I’m an eating disorder specialist but i’m hardly the only one thinking about what beauty means. What made Schubert’s sonata beautiful? Art and music scholars question beauty endlessly. A group of researchers from McGill University discovered that music produces pleasure through enhanced emotional responses and the release of dopamine in the mesolimbic reward system. (http://www.nature.com/neuro/journal/v14/n2/full/nn.2726.html). The emotions induced by music are evoked, among other things, by temporal phenomena, such as expectations, delay, tension, resolution, prediction, surprise and anticipation. In other words, we can’t always get what we want — now — and that, actually, can be associated with beauty.

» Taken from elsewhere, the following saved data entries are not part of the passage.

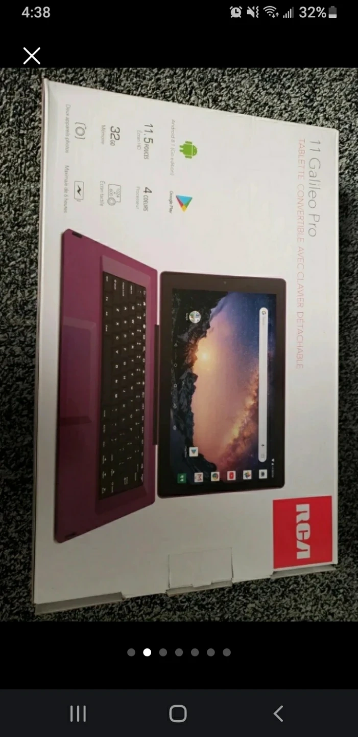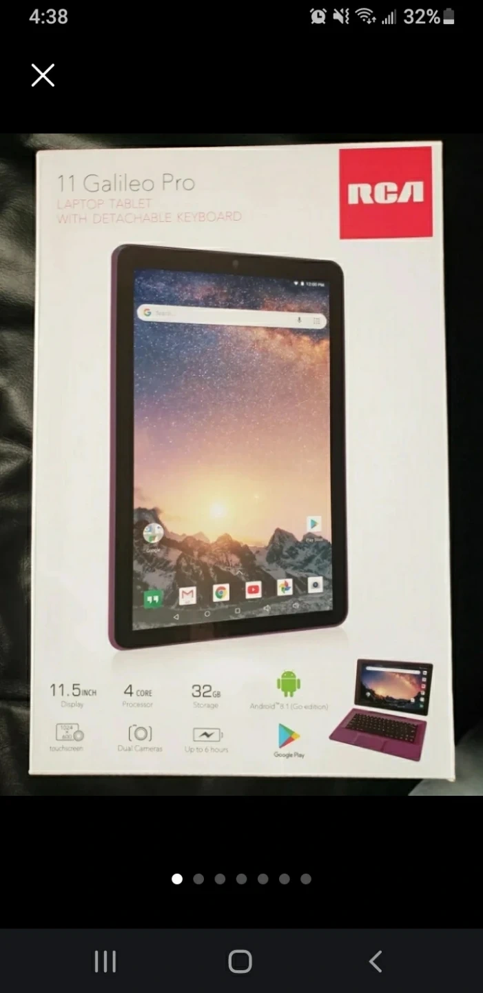 This RCA 11 Galileo Pro is a laptop tablet with a detachable keyboard. It features an 11.5-inch multi-touch display and 32GB storage. The battery life isn't the greatest and the display is laggy when using apps like Facebook or YouTube.
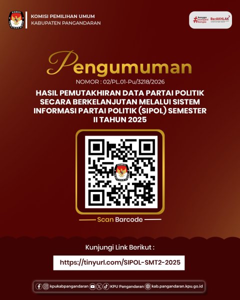 KPU Kabupaten Pangandaran telah melakukan pemutakhiran data partai politik secara berkelanjutan melalui SIPOL Semester II Tahun 2025 dan mengumumkan hasil pemutakhiran data partai politik pada Website Resmi KPU Kabupaten Pangandaran.
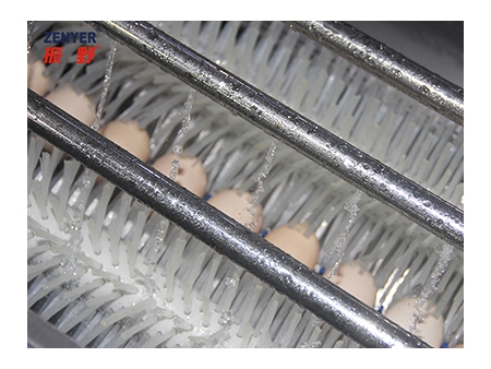 Яйца тщательно очищаются щетками, для распыления используется теплая вода (водонагреватель не поставляется с машиной, ее предоставляет заказчик). Оборудование оснащено модульными щетками с подвижной конструкцией, расстояние, положение и скорость которых может регулироваться.
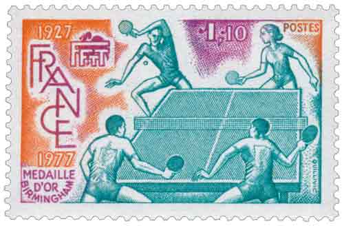 | Commentaire | Ce timbre s’inscrit dans le cadre de la politique commémorative sportive menée par la Poste française dans les années 1970, en accompagnement des fédérations nationales dont le rôle social et éducatif est reconnu. En 1977, la Fédération française de tennis de table célèbre son cinquantième anniversaire, dans un contexte de forte expansion de la discipline, tant au niveau de la pratique de masse que des résultats internationaux. Ce timbre reflète un moment charnière où le tennis de table, longtemps perçu comme un loisir domestique ou scolaire, affirme pleinement son statut de sport structuré et performant. L’émission intervient peu après un succès marquant pour le sport français, avec l’obtention d’un titre mondial en double mixte lors des championnats du monde de Birmingham, événement qui contribue à renforcer la visibilité médiatique de la discipline. Ce timbre traduit également l’essor du tennis de table dans les milieux associatifs, corporatifs et scolaires, soutenu par une organisation territoriale dense et par des actions de formation à long terme mises en place par la fédération. Le choix d’une représentation dynamique, gravée en taille-douce, met en valeur la gestuelle rapide et précise propre à ce sport, tout en s’inscrivant dans l’esthétique sobre et lisible des émissions sportives françaises de cette période. À travers ce timbre, la Poste accompagne la reconnaissance institutionnelle du tennis de table comme sport de haut niveau et de large diffusion, soulignant son rôle dans la démocratisation de la pratique sportive en France. Article rédigé pour WikiTimbres |
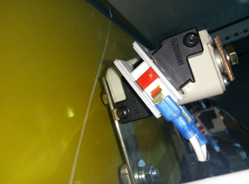 檢查完最左邊模組后并未發(fā)現(xiàn)問題,將剩余模組全部檢查完畢,均正常。通過觀察發(fā)現(xiàn)直流母排上最左端模組連接快熔微動開關(guān)動作。
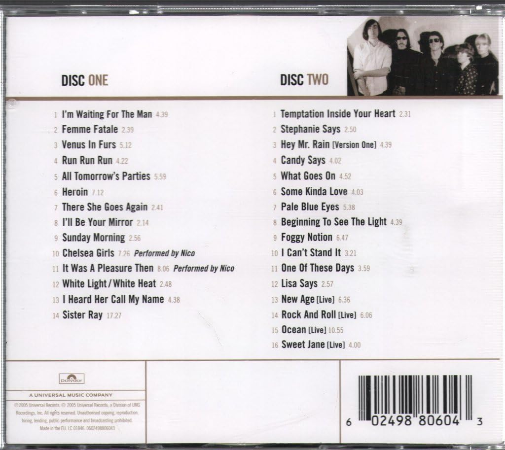 Details: The first double-disc Velvets collection, 30 tracks with a couple of solo Nico sides (Chelsea Girls and It Was a Pleasure Then) thrown in! Also includes Femme Fatale; Heroin; I'll Be Your Mirror; Sunday Morning; What Goes On; Pale Blue Eyes; Foggy Notion; live takes of New Age; Rock and Roll; Ocean, and Sweet Jane; Sister Ray, and more.
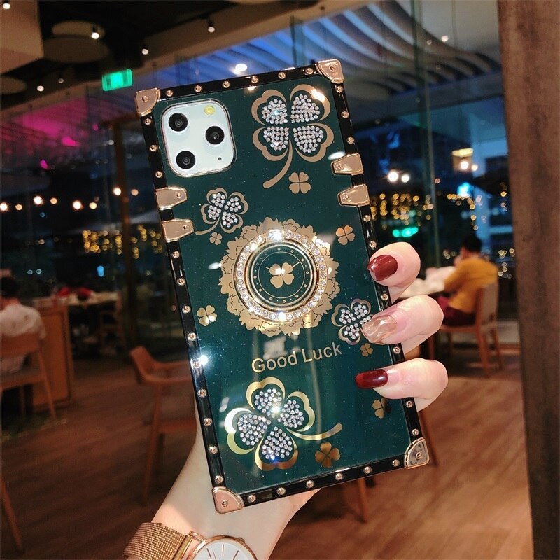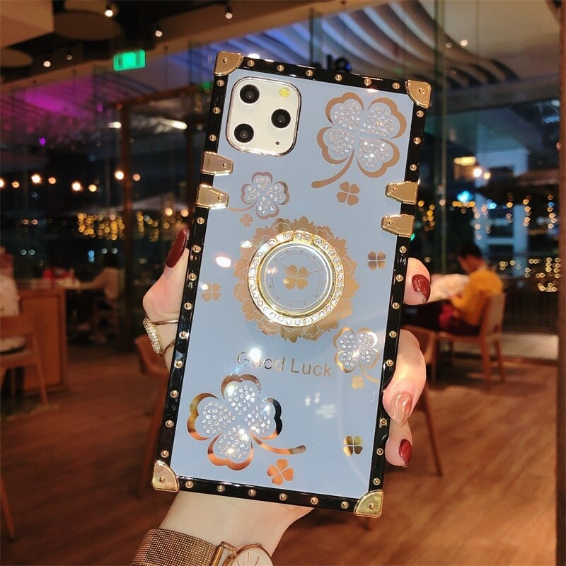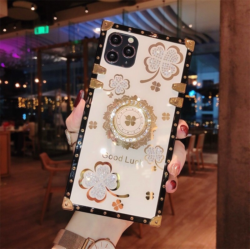 Luxury Lucky Flowers Ring Square phone Case For IPhone 16 15 14 13 12 11 Pro Max 6 S 7 8 Plus XR XS SE Diamond glitter Cover Bracket Fundas

So what about model skinny twenty year olds who walk into a club and feel fat? What actually does “feeling fat” really mean and how can they feel beautiful?
Beauty has to do with emotions. If you are focusing on your thighs or stomach, likely you’re not feeling anything at all — and neither will anyone else who is looking at you.
What are your eyes saying? Your smile? the tilt of your head?
Victor Hugo put it well when he said “Music expresses that which cannot be put into words and cannot remain silent.” Can your stomach do that? Your “fat” arms? Do flat stomachs and skinny thighs evoke emotions?
Think about it.
I’d say no.
So the next time you walk into a bar or a club, play with beauty. If you were music, what would you sound like? Slow the pace, play with the tension, talk feelings with your eyes when you are speaking to someone. Find one thing about yourself that you think is beautiful — your hands, your walk, the glimmer in your eye. Let that lead you into the room. Play your inner sonata gently, quietly or with gusto.
If your eyes are talking, if there is music nuanced in your look, someone is bound to feel something. Maybe then those around you will hear beauty. Maybe then they too will want to hit “replay”.